→ **Records supplied**
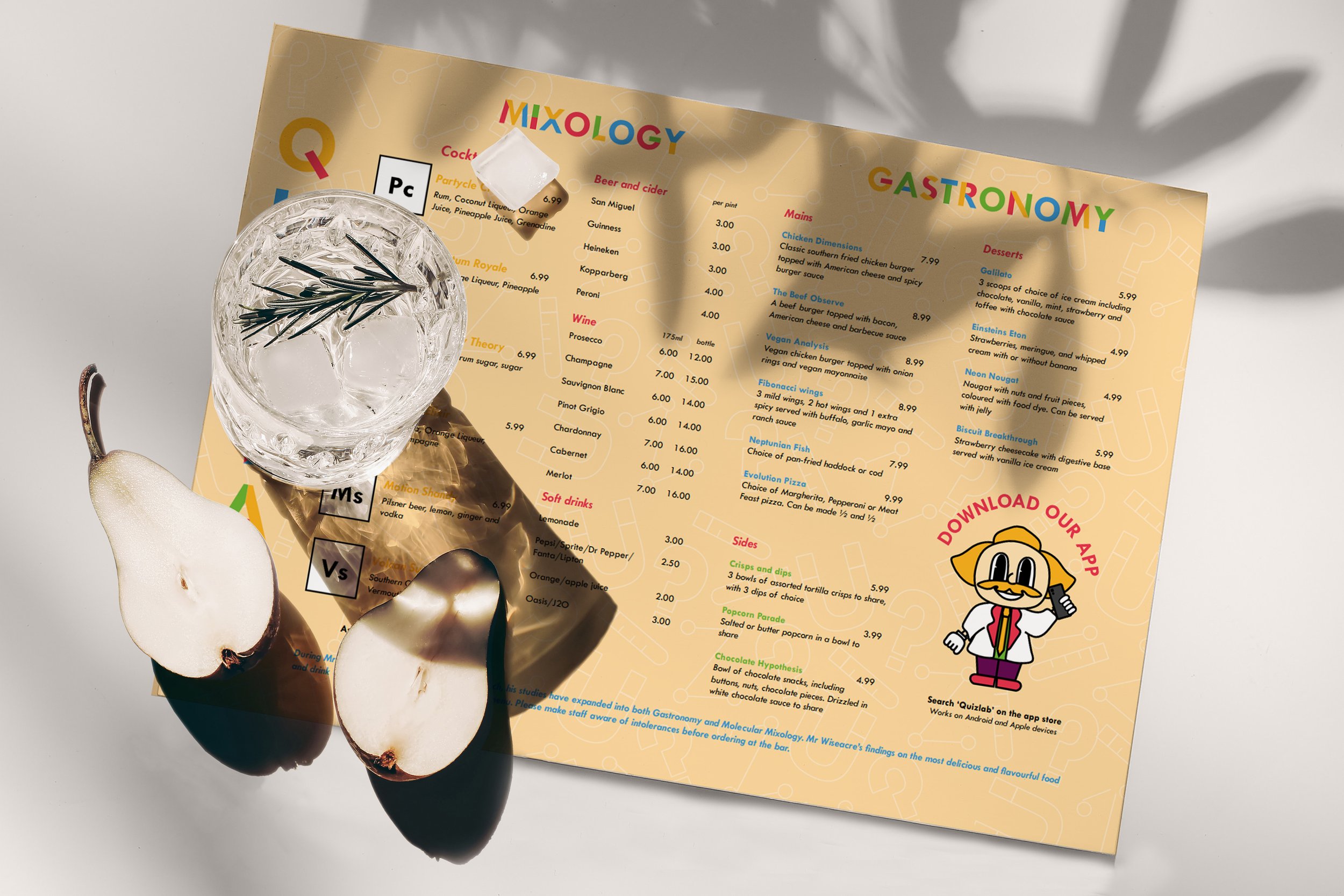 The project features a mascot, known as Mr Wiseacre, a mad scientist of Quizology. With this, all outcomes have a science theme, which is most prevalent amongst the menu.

* * *

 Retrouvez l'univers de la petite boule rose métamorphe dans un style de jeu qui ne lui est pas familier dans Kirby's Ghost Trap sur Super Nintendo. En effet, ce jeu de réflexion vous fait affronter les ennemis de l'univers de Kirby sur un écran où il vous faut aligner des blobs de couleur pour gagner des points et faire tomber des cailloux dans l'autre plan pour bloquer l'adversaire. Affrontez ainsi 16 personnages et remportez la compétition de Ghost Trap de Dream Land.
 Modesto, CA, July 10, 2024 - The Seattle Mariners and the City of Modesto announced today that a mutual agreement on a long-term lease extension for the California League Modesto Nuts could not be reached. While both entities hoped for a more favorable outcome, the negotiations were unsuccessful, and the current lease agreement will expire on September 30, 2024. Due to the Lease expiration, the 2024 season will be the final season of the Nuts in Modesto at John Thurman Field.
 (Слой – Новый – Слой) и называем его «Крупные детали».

...

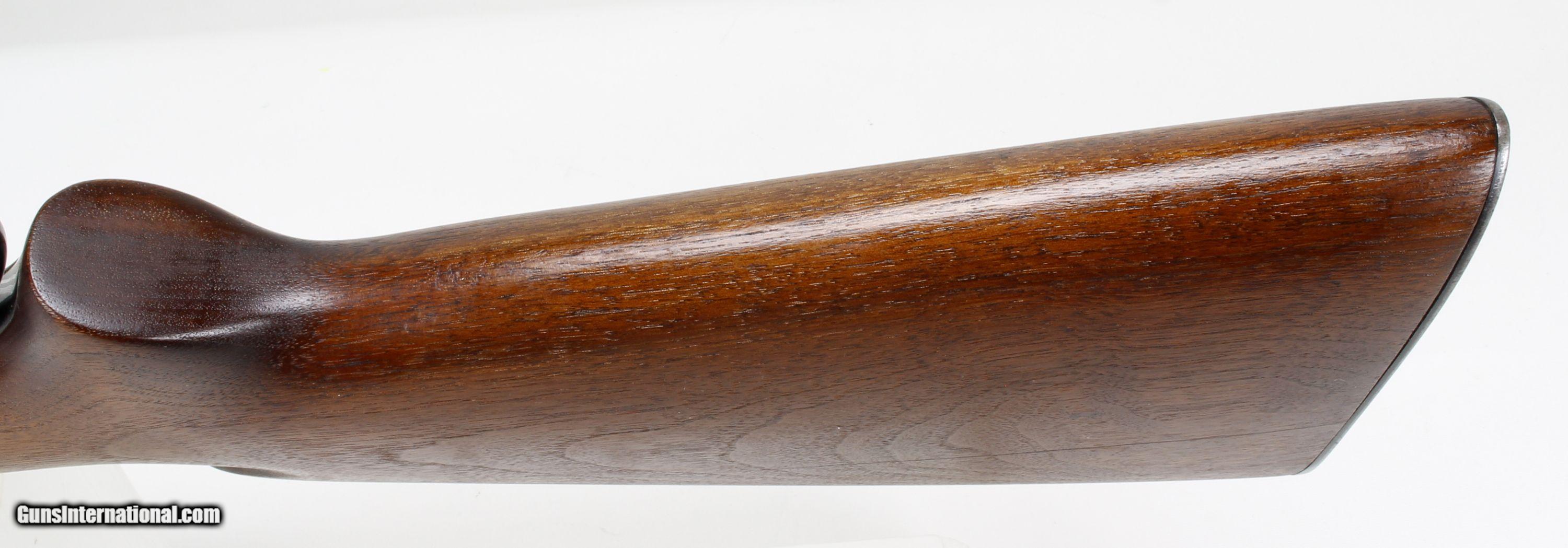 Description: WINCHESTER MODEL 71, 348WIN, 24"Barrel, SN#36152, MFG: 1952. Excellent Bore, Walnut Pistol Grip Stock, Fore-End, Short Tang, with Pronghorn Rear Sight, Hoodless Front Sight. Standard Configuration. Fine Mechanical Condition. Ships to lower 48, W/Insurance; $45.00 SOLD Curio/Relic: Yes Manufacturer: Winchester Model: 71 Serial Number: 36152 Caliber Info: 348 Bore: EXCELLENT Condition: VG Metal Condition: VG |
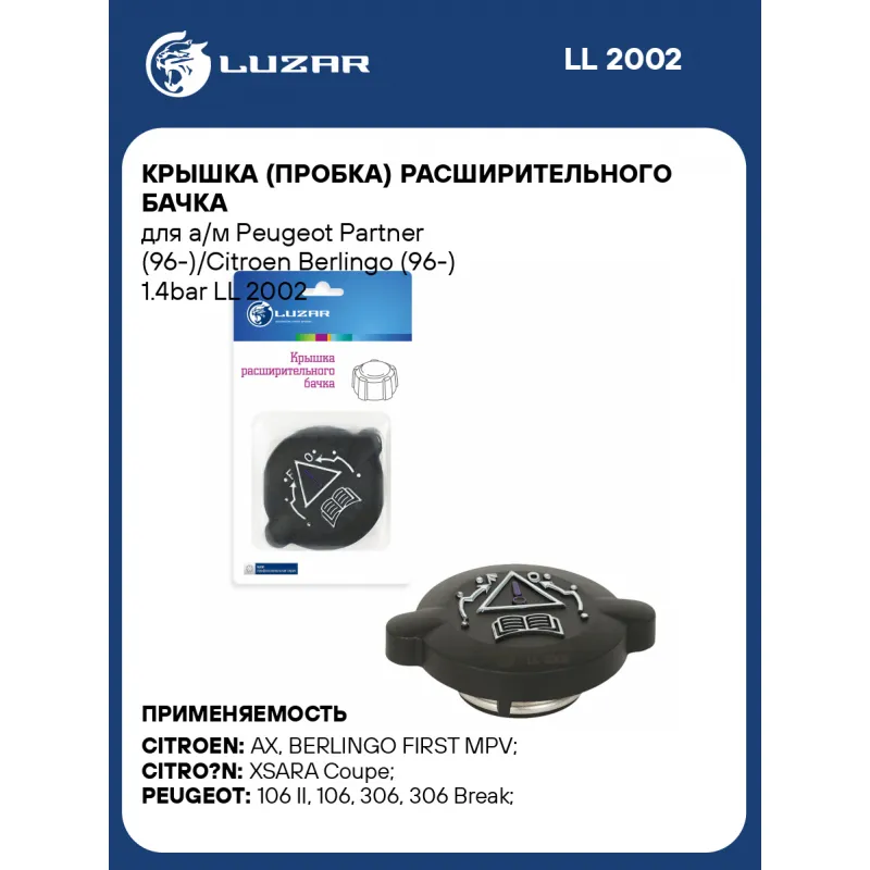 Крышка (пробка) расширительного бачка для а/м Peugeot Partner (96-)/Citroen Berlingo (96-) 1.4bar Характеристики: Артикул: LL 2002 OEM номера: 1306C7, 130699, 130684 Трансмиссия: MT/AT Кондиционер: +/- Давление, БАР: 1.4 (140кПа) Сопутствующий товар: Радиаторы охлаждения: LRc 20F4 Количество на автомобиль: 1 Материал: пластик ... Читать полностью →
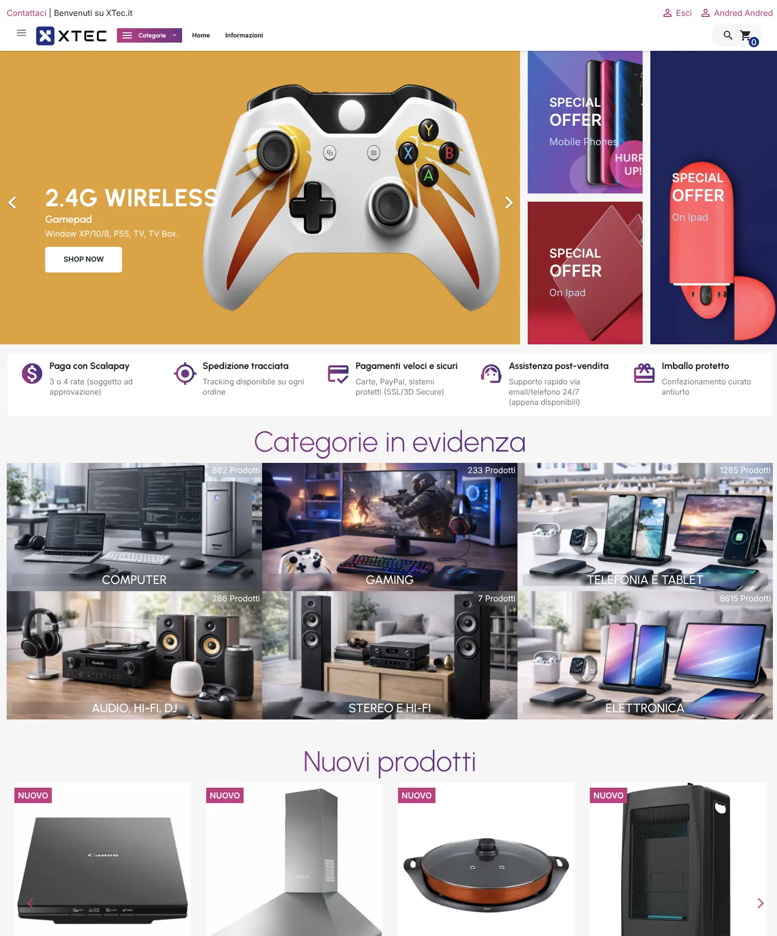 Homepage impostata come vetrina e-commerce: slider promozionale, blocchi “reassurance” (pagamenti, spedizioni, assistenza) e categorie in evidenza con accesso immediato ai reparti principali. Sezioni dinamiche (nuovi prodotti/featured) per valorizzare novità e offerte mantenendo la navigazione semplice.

→ **Aim of the exercise**
Within the material above, transcribe exactly the lines that run from the line holding "Retrouvez l'univers de" through the line holding "(Слой – Новый".

→ **Result of this exercise**
 Retrouvez l'univers de la petite boule rose métamorphe dans un style de jeu qui ne lui est pas familier dans Kirby's Ghost Trap sur Super Nintendo. En effet, ce jeu de réflexion vous fait affronter les ennemis de l'univers de Kirby sur un écran où il vous faut aligner des blobs de couleur pour gagner des points et faire tomber des cailloux dans l'autre plan pour bloquer l'adversaire. Affrontez ainsi 16 personnages et remportez la compétition de Ghost Trap de Dream Land.
 Modesto, CA, July 10, 2024 - The Seattle Mariners and the City of Modesto announced today that a mutual agreement on a long-term lease extension for the California League Modesto Nuts could not be reached. While both entities hoped for a more favorable outcome, the negotiations were unsuccessful, and the current lease agreement will expire on September 30, 2024. Due to the Lease expiration, the 2024 season will be the final season of the Nuts in Modesto at John Thurman Field.
 (Слой – Новый – Слой) и называем его «Крупные детали».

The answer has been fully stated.